Objectives:The volume of opioid medications being prescribed in the United States is increasing rapidly. Problems associated with the misuse of opioid medications are also increasing, in part because of medication diversion from legitimate prescriptions. However, little is known about what patients do with any unused opioid medications. This paper uses a qualitative analysis of patients’ self-report of medication storage and retention habits to begin to address this gap. Methods:We analyzed responses to the Prescription Drug Use Questionnaire in conjunction with other data on prescription opioid use in a sample of 191 Veteran patients (83% of whom had a preexisting factor associated with higher rates of opioid misuse) who received one or more opioid prescriptions in the previous 12 months. Results:Only 6.3% of participants disposed of extra medications and 24.1% reported having no extra opioids. A total of 65.4% of participants reported retaining some or all opioids even if they ceased taking the medication, and some participants accumulated large amounts of medication. A total of 34.0% of participants described engaging in sharing or diversion of opioids at least once, most often receiving them from a family member or a friend. Discussion:A majority of patients retain unused opioids, and medication sharing is common. Interventions to improve monitoring of patient experience with opioid medication, educate patients about the dangers of opioid use by nonprescribed others, and increase information about medication disposal options could decrease the supply of opioid medications available for misuse.

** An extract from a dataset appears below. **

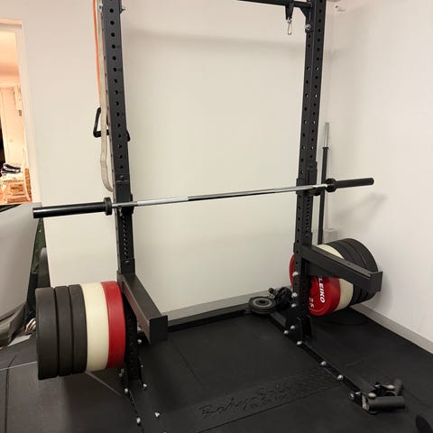 Säljer mitt Rogue HR-2 Monster Lite Half Rack med tillbehör pga platsbrist. Sjukt stabilt rack som tål allt du slänger på det och lite till! Tre vikthållare på varje sida som var och en kan bära 80 kg viktskivor. Pullupstång för häng-övningar samt att fästa ringar i. Ett par J-hooks ingår. Inkluderar också säkerhetsarmar för att köra tunga övningar säkert. Extra balk mellan bakstolparna för ytterligare stabilitet.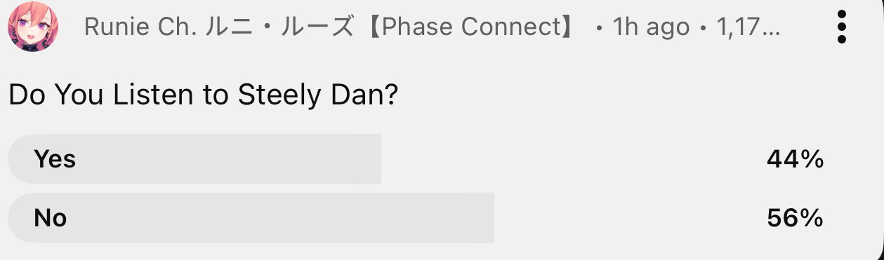>>106820066>>106820097We've got to find a way to make it through this...December is definitely going to be another kino month at least.>>106820155Super cute and evil/10Steely Dan legendary list/10Incredible power with chords/10Nostalgic times/10DOWN WITH YOUTUBE/10I love my oshi!

Reasons for Under-Use of Prescribed Opioid Medications by Patients in Pain

BACKGROUND With the growth in opioid therapy for the treatment of chronic pain, health care providers have focused their attention on avoiding over-use of opioid medications, specifically to avoid addiction, dependency, and other misuse. Qualitative and quantitative reviews of medication adherence, in contrast, focus primarily on why patients under-use or do not take their medications as prescribed and find nonadherence rates of approximately 25%. OBJECTIVE To identify the prevalence of under-use of opioid medications and the reasons and implications of under-use. DESIGN As part of a variety of structured assessments, subjects were asked detailed questions about how they used their opioid medication in their daily lives. PARTICIPANTS One hundred ninety-one veterans who received an opioid prescription for any pain problem within the 12 months before the interview. MEASURES We defined a patient who under-used his/her medication as one who took less than their prescribed dose of medication and reported that pain impaired their ability to engage in normal daily activities. RESULTS Under-use of opioids (20%) was more common than over-use (9%), consistent with research on medication adherence. Patients who under-used their opioids offered the same reasons for under-use that patients report for other medications. However, while under-users reported more pain than other opioid users they filled only slightly fewer opioid prescriptions. Communication problems between patients and providers about opioids were common. CONCLUSIONS Improved communication between patients and providers and shared decision-making regarding opioid prescriptions may improve pain management and minimize the problems associated with over-prescription of opioids (i.e., diversion).